Juybar County (شهرستان جویبار) is in Mazandaran province, Iran. Its capital is the city of Juybar.

==History==
In 1997, Juybar District was separated from Qaem Shahr County in the establishment of Juybar County. In 2023, Chapakrud-e Gharbi Rural District was created in Gil Khuran District. Larim Rural District (Note: Renamed Larim-e Shomali Rural District) was separated from the district in the formation of Larim District, which was divided into two rural districts, including the new Larim-e Jonubi Rural District.

==Demographics==
===Population===
At the time of the 2006 National Census, the county's population was 70,204 in 18,276 households. The following census in 2011 counted 73,554 people in 21,697 households. The 2016 census measured the population of the county as 77,576 in 25,278 households.

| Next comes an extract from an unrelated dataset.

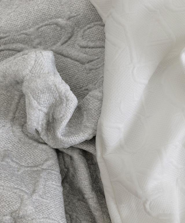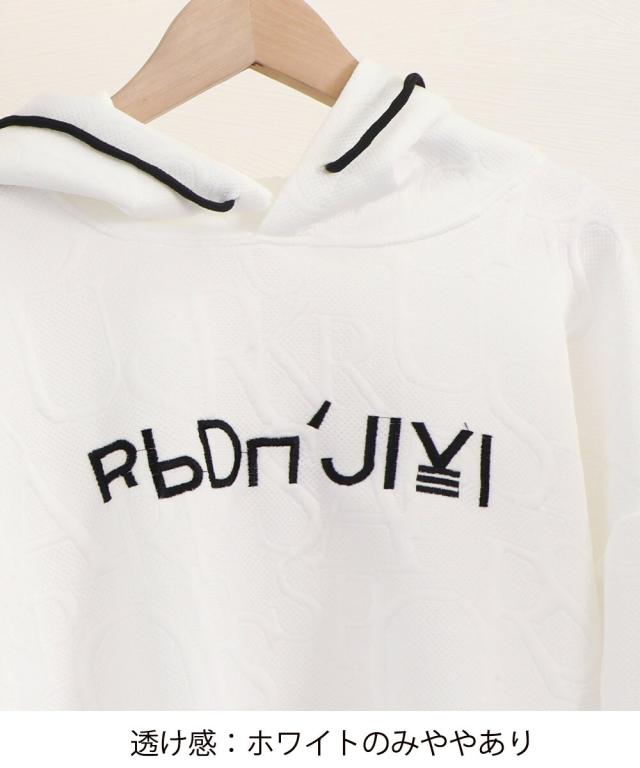 立体感ある同色のエンボス加工ロゴがアクセントになったオーバーサイズパーカー

===Administrative divisions===

Juybar County's population history and administrative structure over three consecutive censuses are shown in the following table.

Juybar County Population
| Administrative Divisions | 2006 | 2011 | 2016 |
| Central District | 49,329 | 51,865 | 54,819 |
| Hasan Reza RD | 8,292 | 8,024 | 8,181 |
| Siyahrud RD | 13,920 | 14,719 | 13,714 |
| Juybar (city) | 27,117 | 29,122 | 32,924 |
| Gil Khuran District | 20,875 | 21,689 | 22,757 |
| Chapakrud-e Gharbi RD |  |  |  |
| Chapakrud-e Sharqi Rural District | 9,465 | 9,697 | 9,968 |
| Larim RD | 9,471 | 9,931 | 10,547 |
| Kuhi Kheyl (city) | 1,939 | 2,061 | 2,242 |
| Larim District |  |  |  |
| Larim-e Jonubi RD |  |  |  |
| Larim-e Shomali RD |  |  |  |
| Total | 70,204 | 73,554 | 77,576 |
RD = Rural District

==Sport==
Despite its small population, Juybar County is the most prolific in national champions in wrestling, the national sport of Iran.